Pictures stay out of the copy. Retype exactly the lines below from the one with "Rotating 3D Puzzle" through the one with "YOUR FOUR REPLICA".
━━━ Data shown ━━━
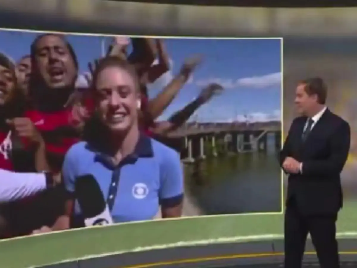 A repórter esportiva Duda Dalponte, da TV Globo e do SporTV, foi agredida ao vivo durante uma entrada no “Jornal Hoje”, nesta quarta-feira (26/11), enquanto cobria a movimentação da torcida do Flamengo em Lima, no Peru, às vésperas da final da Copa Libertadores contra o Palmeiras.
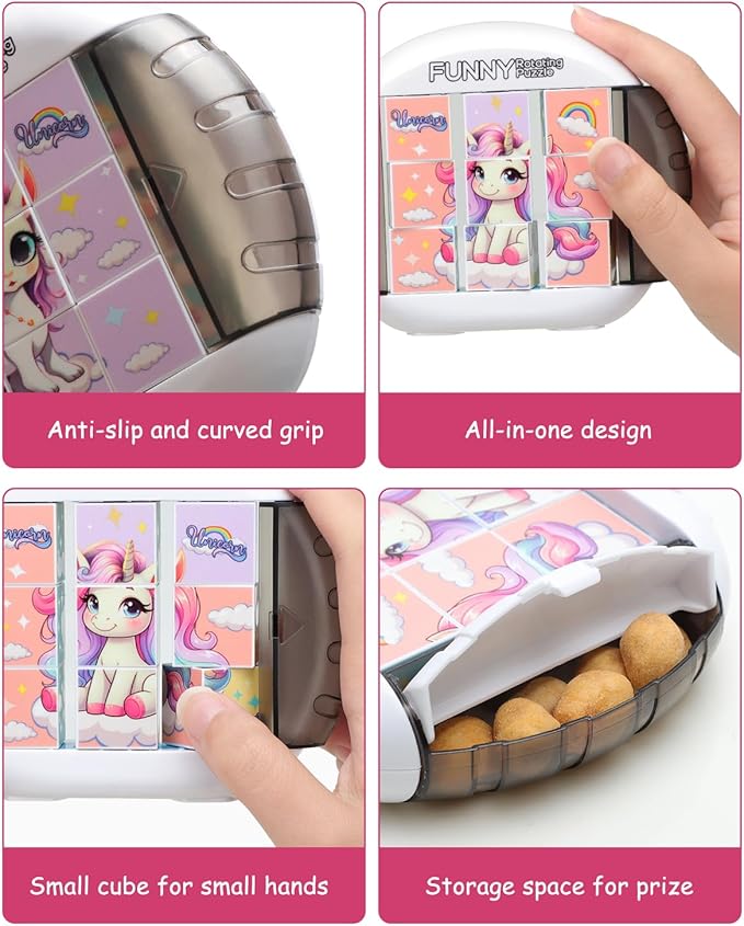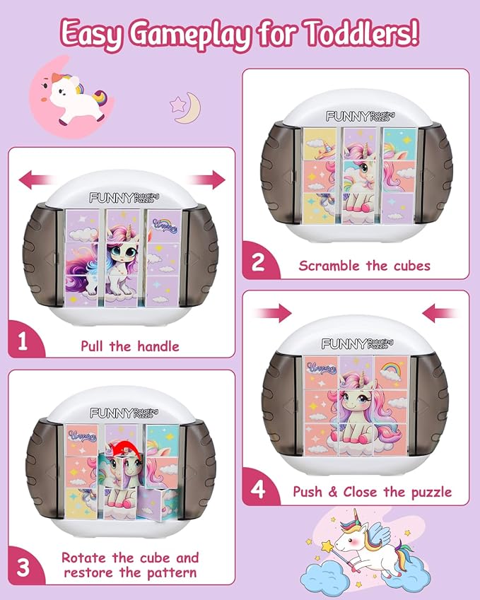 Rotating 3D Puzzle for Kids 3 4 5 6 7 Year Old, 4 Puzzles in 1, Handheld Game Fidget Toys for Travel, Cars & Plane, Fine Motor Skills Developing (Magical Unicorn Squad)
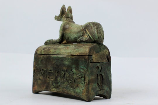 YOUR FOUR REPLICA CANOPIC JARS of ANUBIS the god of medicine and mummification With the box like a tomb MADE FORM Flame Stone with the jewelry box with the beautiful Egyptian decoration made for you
━━━
━━━ Data shown ━━━
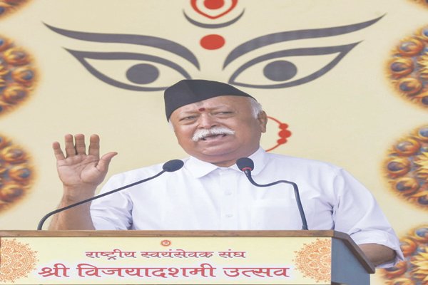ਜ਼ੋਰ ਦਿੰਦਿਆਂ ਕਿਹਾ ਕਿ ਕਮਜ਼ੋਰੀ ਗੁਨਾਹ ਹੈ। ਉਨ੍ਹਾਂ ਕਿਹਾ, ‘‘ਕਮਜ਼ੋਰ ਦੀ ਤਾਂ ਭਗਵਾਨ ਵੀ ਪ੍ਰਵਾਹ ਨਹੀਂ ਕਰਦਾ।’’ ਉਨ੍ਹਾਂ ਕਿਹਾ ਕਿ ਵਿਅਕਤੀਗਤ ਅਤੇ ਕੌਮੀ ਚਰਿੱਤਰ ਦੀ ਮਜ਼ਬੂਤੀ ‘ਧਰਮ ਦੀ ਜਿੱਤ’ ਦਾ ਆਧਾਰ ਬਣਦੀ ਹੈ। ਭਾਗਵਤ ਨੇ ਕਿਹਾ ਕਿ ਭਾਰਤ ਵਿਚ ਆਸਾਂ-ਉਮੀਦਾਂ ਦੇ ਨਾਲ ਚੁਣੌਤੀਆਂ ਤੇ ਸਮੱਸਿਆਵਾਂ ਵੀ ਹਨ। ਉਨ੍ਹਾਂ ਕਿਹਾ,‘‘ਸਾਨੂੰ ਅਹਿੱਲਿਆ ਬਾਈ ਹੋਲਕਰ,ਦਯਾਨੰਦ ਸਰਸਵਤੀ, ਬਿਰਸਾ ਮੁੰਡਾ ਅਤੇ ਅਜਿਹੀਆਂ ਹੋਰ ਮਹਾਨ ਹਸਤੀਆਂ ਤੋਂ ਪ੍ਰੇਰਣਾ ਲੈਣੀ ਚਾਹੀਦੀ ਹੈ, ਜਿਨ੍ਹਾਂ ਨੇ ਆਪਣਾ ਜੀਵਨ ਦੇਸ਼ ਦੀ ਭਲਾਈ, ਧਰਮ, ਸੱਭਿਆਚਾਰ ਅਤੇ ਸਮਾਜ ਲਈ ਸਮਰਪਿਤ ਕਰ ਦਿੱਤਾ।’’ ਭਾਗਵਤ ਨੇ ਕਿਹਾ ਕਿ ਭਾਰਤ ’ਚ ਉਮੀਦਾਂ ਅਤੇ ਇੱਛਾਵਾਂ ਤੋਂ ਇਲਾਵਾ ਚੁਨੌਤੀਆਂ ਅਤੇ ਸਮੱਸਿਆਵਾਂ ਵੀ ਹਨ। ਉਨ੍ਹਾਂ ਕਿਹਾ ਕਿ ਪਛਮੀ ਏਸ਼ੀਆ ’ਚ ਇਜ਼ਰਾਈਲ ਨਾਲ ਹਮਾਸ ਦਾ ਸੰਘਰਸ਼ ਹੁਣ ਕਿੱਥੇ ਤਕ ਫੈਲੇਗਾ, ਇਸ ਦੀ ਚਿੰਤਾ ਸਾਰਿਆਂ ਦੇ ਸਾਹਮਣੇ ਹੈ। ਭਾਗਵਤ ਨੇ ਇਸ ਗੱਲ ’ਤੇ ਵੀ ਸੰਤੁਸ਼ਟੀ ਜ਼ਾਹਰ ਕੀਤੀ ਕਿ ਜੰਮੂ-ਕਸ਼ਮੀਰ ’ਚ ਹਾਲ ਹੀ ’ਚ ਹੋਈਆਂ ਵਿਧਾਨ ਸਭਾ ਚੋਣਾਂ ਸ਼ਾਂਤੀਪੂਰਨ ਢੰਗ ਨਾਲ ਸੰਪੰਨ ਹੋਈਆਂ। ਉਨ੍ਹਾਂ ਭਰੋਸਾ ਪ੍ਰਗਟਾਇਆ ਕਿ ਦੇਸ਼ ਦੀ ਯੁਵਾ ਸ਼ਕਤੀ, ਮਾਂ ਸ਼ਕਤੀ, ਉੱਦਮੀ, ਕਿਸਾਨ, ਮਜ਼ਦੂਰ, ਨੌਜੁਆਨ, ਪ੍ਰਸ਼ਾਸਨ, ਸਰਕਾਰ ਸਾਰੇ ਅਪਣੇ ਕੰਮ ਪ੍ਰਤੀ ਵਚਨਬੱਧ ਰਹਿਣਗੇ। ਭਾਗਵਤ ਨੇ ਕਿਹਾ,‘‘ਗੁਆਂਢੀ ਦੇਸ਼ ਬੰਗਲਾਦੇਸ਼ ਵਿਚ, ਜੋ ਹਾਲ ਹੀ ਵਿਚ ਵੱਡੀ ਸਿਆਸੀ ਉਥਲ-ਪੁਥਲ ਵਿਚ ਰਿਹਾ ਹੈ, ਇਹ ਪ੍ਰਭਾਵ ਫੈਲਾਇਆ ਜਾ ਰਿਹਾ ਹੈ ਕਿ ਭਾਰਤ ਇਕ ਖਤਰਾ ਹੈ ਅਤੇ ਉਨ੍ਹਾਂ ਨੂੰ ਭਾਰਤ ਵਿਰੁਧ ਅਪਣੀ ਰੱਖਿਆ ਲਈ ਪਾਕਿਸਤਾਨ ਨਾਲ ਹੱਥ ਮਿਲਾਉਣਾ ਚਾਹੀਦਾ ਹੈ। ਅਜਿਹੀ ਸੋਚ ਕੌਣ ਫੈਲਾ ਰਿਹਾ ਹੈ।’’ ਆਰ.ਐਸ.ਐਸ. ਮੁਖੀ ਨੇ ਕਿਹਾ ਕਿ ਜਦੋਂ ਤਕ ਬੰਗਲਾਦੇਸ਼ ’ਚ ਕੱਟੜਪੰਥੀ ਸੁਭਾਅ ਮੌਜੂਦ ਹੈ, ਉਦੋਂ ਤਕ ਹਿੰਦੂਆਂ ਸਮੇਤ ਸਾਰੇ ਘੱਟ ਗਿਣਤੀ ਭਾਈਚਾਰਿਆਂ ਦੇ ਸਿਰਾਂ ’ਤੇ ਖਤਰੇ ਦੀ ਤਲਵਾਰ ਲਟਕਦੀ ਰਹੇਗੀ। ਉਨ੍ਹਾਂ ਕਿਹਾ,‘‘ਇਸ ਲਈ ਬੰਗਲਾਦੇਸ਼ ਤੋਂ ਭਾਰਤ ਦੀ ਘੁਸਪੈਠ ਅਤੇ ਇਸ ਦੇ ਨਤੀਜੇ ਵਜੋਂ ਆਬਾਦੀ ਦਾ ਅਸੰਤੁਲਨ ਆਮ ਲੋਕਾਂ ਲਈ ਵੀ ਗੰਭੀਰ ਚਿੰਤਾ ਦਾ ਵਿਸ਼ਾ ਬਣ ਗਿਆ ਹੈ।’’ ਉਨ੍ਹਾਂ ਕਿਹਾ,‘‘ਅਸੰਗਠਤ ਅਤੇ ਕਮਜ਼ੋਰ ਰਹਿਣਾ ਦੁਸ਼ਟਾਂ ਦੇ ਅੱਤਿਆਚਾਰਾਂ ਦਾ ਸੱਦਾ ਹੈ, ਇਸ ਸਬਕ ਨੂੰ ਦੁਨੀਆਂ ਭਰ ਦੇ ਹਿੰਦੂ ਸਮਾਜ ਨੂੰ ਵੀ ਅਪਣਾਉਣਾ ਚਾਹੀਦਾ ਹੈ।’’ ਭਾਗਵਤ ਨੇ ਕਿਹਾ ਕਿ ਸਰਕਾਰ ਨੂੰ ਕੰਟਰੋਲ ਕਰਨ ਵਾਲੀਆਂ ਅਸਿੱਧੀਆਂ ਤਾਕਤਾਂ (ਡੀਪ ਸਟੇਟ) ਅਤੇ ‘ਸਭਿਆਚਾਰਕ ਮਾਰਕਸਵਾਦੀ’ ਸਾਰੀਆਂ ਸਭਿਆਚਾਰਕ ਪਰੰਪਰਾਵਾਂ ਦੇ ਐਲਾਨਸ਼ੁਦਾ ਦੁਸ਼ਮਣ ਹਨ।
━━━
Solution below |
 Rotating 3D Puzzle for Kids 3 4 5 6 7 Year Old, 4 Puzzles in 1, Handheld Game Fidget Toys for Travel, Cars & Plane, Fine Motor Skills Developing (Magical Unicorn Squad)
 YOUR FOUR REPLICA CANOPIC JARS of ANUBIS the god of medicine and mummification With the box like a tomb MADE FORM Flame Stone with the jewelry box with the beautiful Egyptian decoration made for you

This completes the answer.